## RECORDED DATA
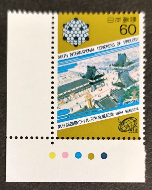 - [25091122]【第6回国際ウイルス学会議記念】単片 CMカラーマーク付「『芭蕉の辻』とウィルス粒子の模型図」60円 1984年発行 美品
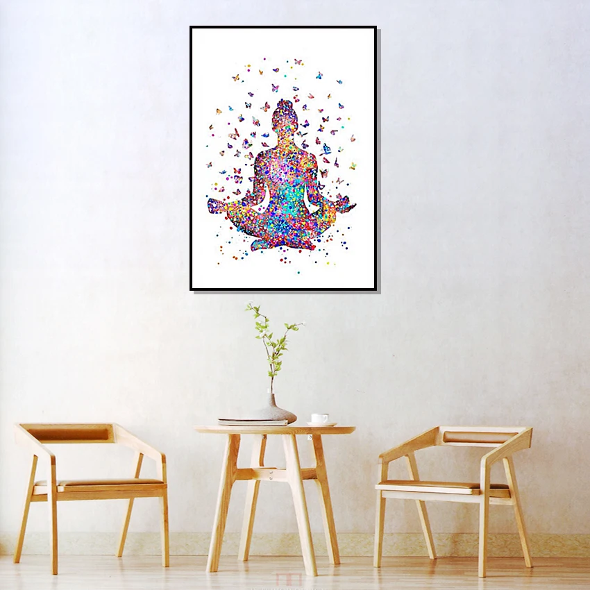 Водонепроницаемая чернильная Картина на холсте с изображением бабочки и позы йоги без каркаса для студийной йоги для дома гостиной Искусство декоративный настенный плакат подарок
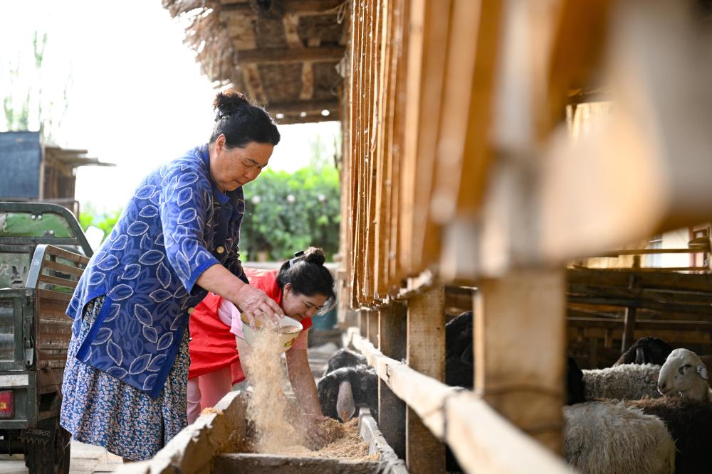 9月18日,達(dá)西村村干部卡麥爾汗·蘇來曼(后)入戶幫助村民喂羊。

## TO DO
What is needed is every line from the one with "Водонепроницаемая чернильная Картина" to the final line of the listing above, set down exactly and with the pictures left out.

## EXERCISE ANSWER
 Водонепроницаемая чернильная Картина на холсте с изображением бабочки и позы йоги без каркаса для студийной йоги для дома гостиной Искусство декоративный настенный плакат подарок
 9月18日,達(dá)西村村干部卡麥爾汗·蘇來曼(后)入戶幫助村民喂羊。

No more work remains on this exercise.